6. Understand the Insured Capital Updates

When you take out life insurance linked to a mortgage, the insured capital must match the amount you owe the bank. As you pay your mortgage every month, your debt decreases.
Your new insurance policy can be set up to update this capital automatically to match the exact debt, which lowers your premium over time. Alternatively, you can keep the insured capital fixed at the original loan amount. In that scenario, if you pass away when you only owe €50,000 but the policy is for €200,000, the insurer pays the bank €50,000 and gives the remaining €150,000 in cash directly to your heirs.

Step-by-Step: How to Transfer Your Life Insurance

Changing your home loan life insurance doesn’t have to be complicated. Once you have found a better policy with an external insurer, follow these simple steps:

  1. Sign the New Policy First: Ensure your new life insurance contract is officially approved and active.
  2. Cancel the Old Policy: You must formally cancel the insurance you signed with the bank via a registered letter sent to the insurance company. By law, you must do this at least 30 days in advance of the policy’s annual renewal date.
  3. Inform the Bank: You must inform your bank of the change by delivering a copy of the cancellation letter and providing them with the official Apólice (policy document) of your new contract, proving the house is still protected.
  4. Stop the Payments: Finally, do not forget to cancel the direct debit authorization (Débito Direto) for your old insurance at the ATM or via your home banking app!

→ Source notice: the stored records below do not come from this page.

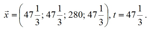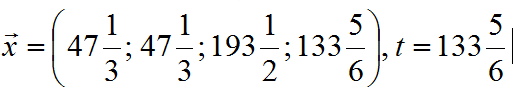 При підстановці рішення в систему неравество в рівності звертаються обмеження, відповідні коаліцій. Зауважимо, що коаліції {1}, {2} і {3,4} утворюють повну групу непересічних множин, тому заморожуємо значення
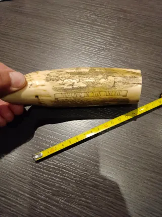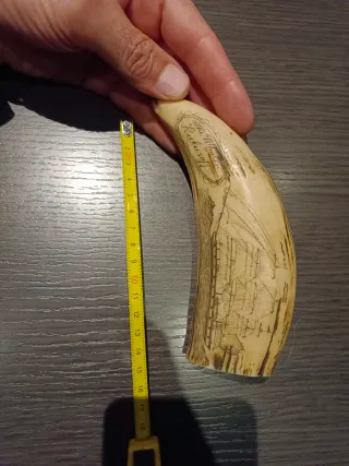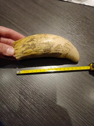 Réplica de diente de cachalote con un grabado detallado de un retrato. - Material: Resina o algo por el estilo,muy pesado...Réplica de diente de cachalote. - Diseño: Grabado de retrato. - Detalle: Motivo vegetal en la parte superior.
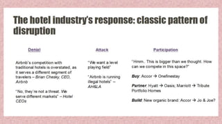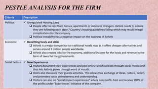 Airbnb conducted a PESTLE analysis to understand the political, economic, social, technological, legal and environmental factors impacting their business. Politically, they must ensure hosts comply with housing laws. Economically, Airbnb benefits hosts and cities by offering cheaper accommodations than hotels. Socially, guests share experiences on social media which helps Airbnb grow through word-of-mouth. Technologically, Airbnb relies heavily on their app and website to operate. Legally, hosts must agree to terms ensuring compliance with regulations. Environmentally, studies show Airbnb has a smaller carbon footprint than hotels.

💡 A Financial Tip from the Folime Team:
You do not have to navigate this bureaucracy alone. If you want to switch your mortgage insurance, contact an independent insurance broker. They will not only run free simulations across multiple companies to find you the best rate, but they will also handle all the cancellation letters and bank communications on your behalf!


Disclaimer: The information provided in this article by Folime is for educational and financial planning purposes only. It does not constitute formal financial, legal, or insurance advice. Always carefully read the specific terms, conditions, and exclusions (Condições Gerais) of any insurance contract before signing.